Rome has parked its tanks on the Archbishop of Canterbury’s lawn after manoeuvres undertaken by up to fifty bishops and begun two years ago by an Australian archbishop, John Hepworth.

As leader of the Traditional Anglican Communion, a breakaway group claiming to represent up to 400,000 laity worldwide, he went to Rome seeking a means to achieve full, visible unity for his flock.

As a former Catholic priest himself, divorced and remarried with three children, he would be unlikely to be recognised by Rome as a priest or bishop, even under the structures brought in by the new apostolic constitution.
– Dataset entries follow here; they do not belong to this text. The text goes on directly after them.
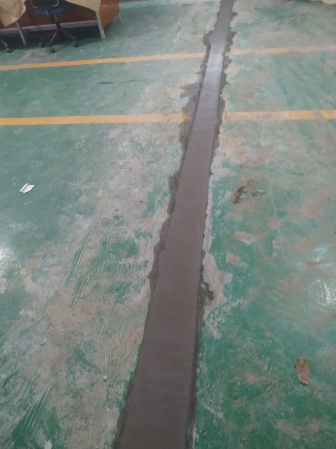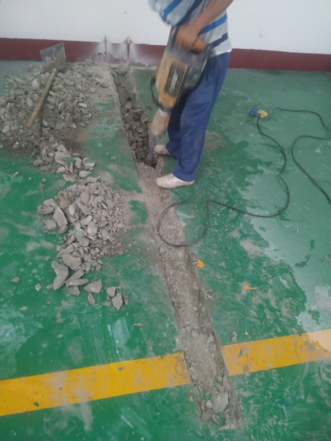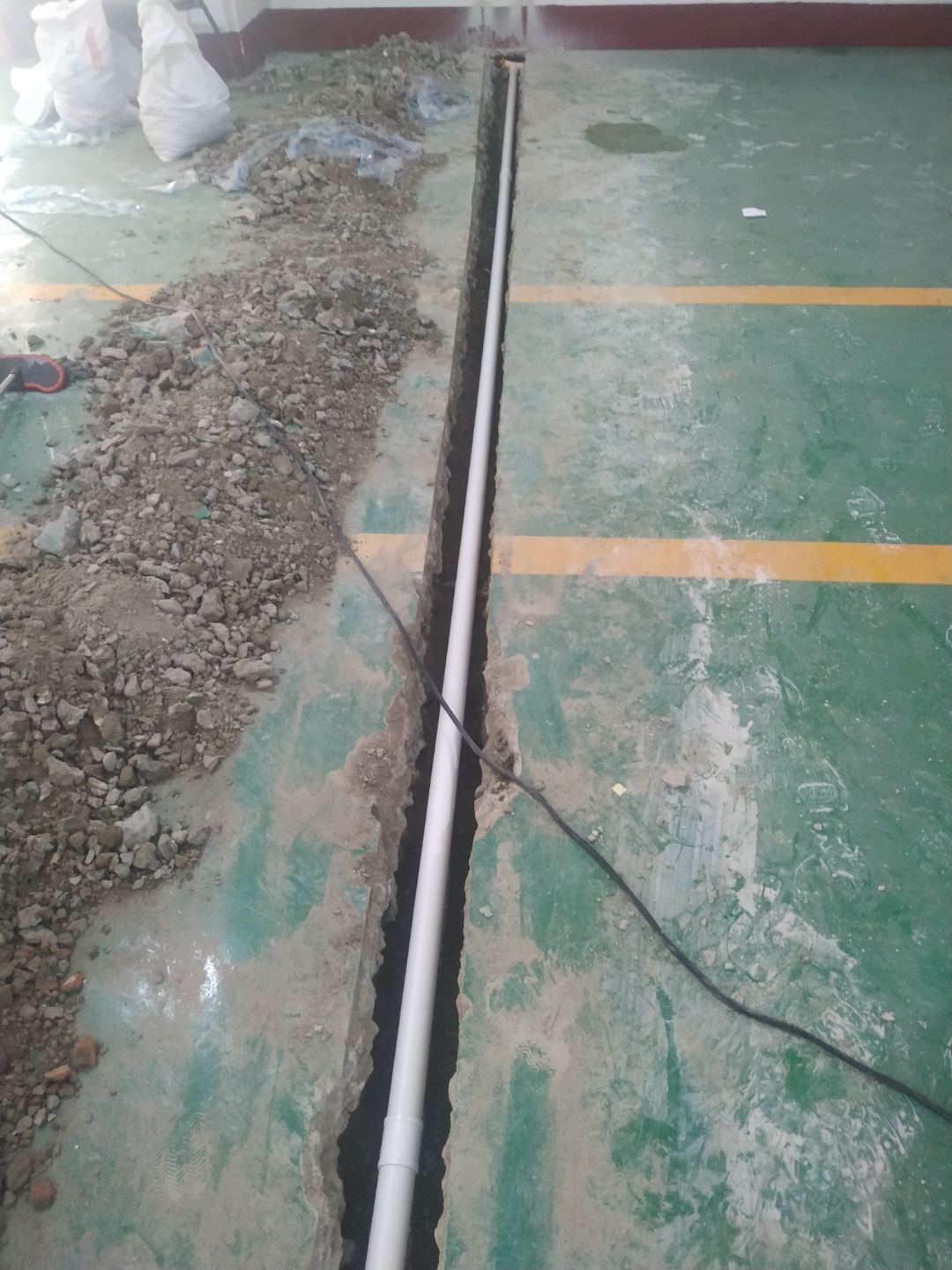 成都波輻科技有限公司廠房施工現場,排水管開槽完成,給水管和排水暗埋部分管敷設完成。
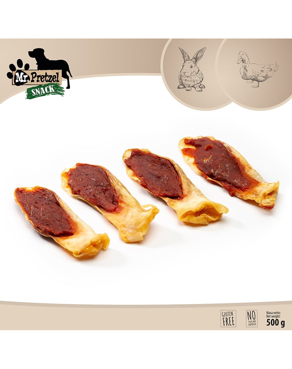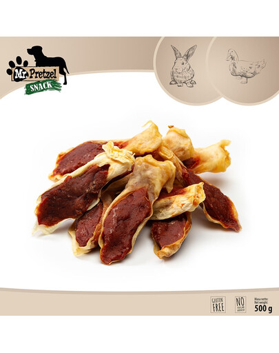 Mr. Pretzel Snack per cani Orecchie di coniglio con anatra 500g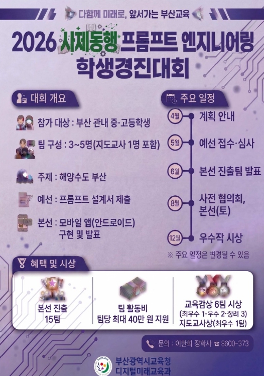 [뉴스앤톡] 부산광역시교육청은 관내 중·고등학생과 교사가 한 팀으로 참여하는 ‘사제동행 2026 프롬프트 엔지니어링 학생경진대회’를 개최한다고 밝혔다.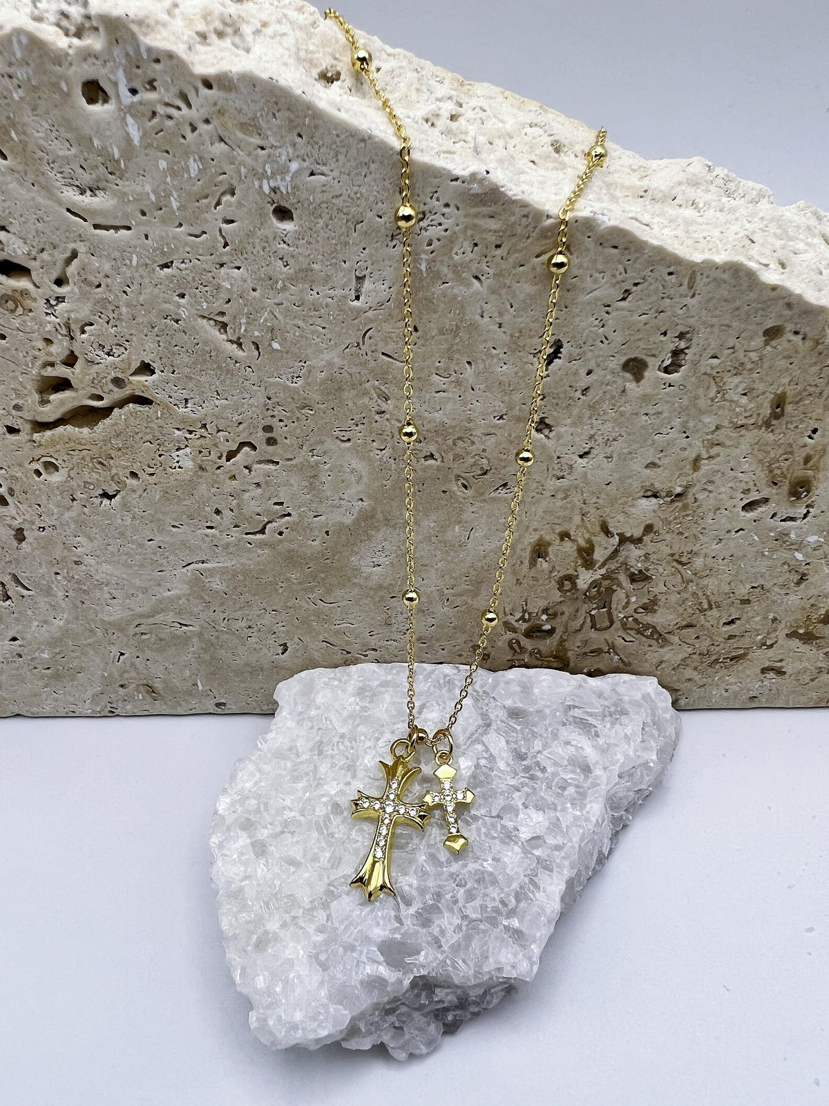 Experience a symphony of elegance and spirituality with the Eternal Elegance Double Cross Necklace. This exceptional piece encapsulates the eternal themes of love, faith, and elegance, making it a must-have addition to your jewellery collection or an exquisite gift for a cherished individual.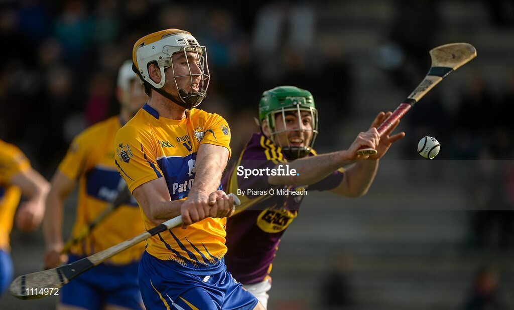 21 February 2016; Conor McGrath, Clare, in action against Shaun Murphy, Wexford. Allianz Hurling League, Division 1B, Round 2, Wexford v Clare. Innovate Wexford Park, Wexford. Picture credit: Piaras Ó Mídheach / SPORTSFILE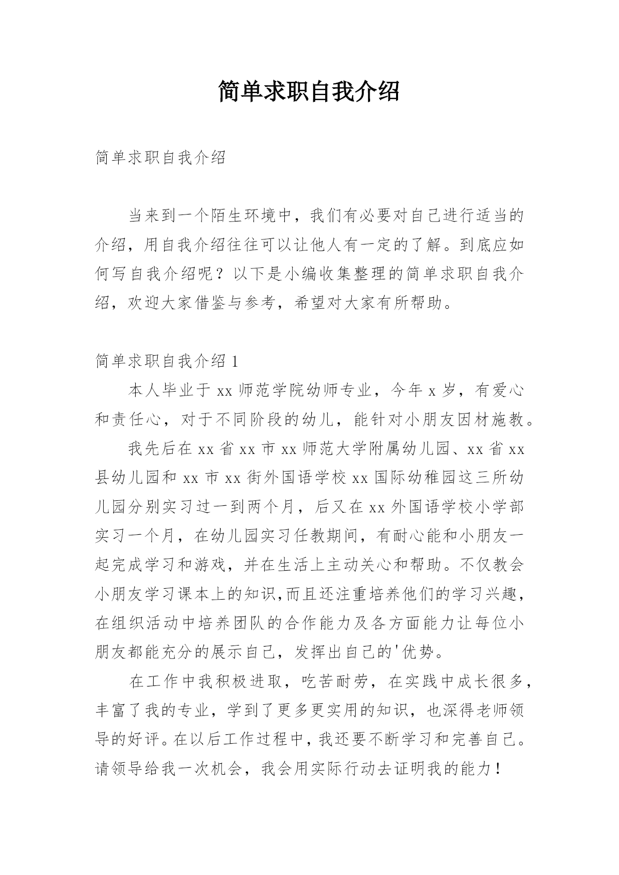 简单求职自我介绍简单求职自我介绍当来到一个陌生环境中,我们有必要对自己进行适当的介绍,用自我介绍往往可以让他人有一定的了解。到底应如何写自我介绍呢?以下是小编收集整理的简单求职自我介绍,欢迎大家借鉴与参考,希望对大家有所帮助。简单求职自我介绍1本人毕业于xx师范学院幼师专业,今年x岁,有爱心和责任心,对于不同阶段的幼儿,能针对小朋友因材施教。我先后在xx省xx市xx师范大学附属幼儿园、xx省xx县幼儿园和xx市xx街外国语学校xx国际幼稚园这三所幼儿园分别实习过一到两个月,后又在xx外国语学校小学部实习一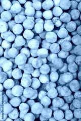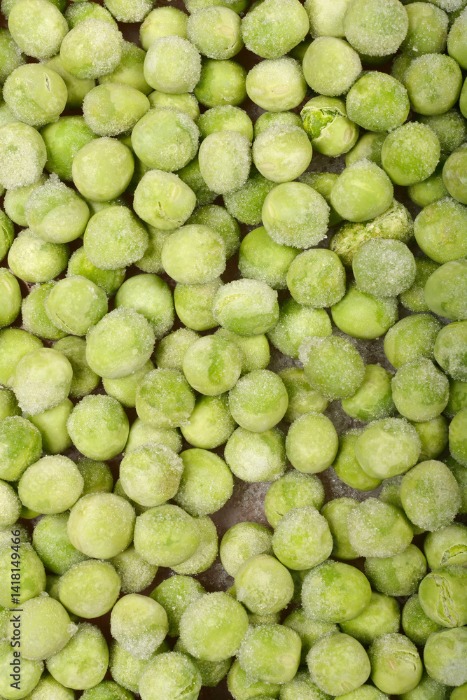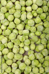 A close-up, top-down shot shows a dense layer of frozen green peas, some with visible ice crystals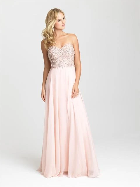 Finished with a pearlescent glow, this strapless chiffon gown is available in three pastel hues.

He has nonetheless always received a warm welcome in Rome ­ in particular from Cardinal William Levada, Prefect of the Congregation for the Doctrine of the Faith, who has made the running in Rome with the backing of his predecessor at the Congregation, Pope Benedict XVI himself.

In England, negotiations with the Vatican have been led by two of the “flying bishops” ­ the AngloCatholics sanctioned to provide pastoral care for opponents of the ordination of women as priests. The Bishop of Ebbsfleet, the Right Rev Andrew Burnham, and the Bishop of Richborough, the Right Rev Keith Newton, visited Rome at Easter last year for talks with Cardinal Levada.

Then in July last year Cardinal Levada wrote to Archbishop Hepworth assuring him and his flock “of the serious attention which the Congregation gives to the prospect of corporate unity” and promising that “as soon as the Congregation is in a position to respond more definitively concerning the proposals you have sent, we will inform you”.

Later that month, the by now desperate flying bishops appealed again to Rome for help. The General Synod of the Church of England had voted to consecrate women bishops without providing statutory protection for traditionalists. A synod revision committee overturned that this month, but too late to shut the gate.

At the start of this year Vatican sources began predicting that the announcement of some form of accommodation for Anglicans was close. But it never came, and less optimistic Anglicans assumed the whole thing was no more than a puff of grey smoke.

They dismissed the hopes of the traditionalists too soon. The reason for the delay was twofold.

Within the Vatican City’s frescoed ceilings and marbled corridors, in the Curia itself and in particular in the College of Cardinals, there were ­ and there remain ­ deep divisions about the appropriate response to Anglicans and former Anglicans seeking some form of corporate unity.

The liberals, among them Cardinal Cormac Murphy-O’Connor, who at the time was Archbishop of Westminster, were reluctant to open the door wide to the traditionalists, partly because of their “more Roman than the Romans” style of churchmanship, but also for fear of upsetting Anglicans and the Church of England in particular.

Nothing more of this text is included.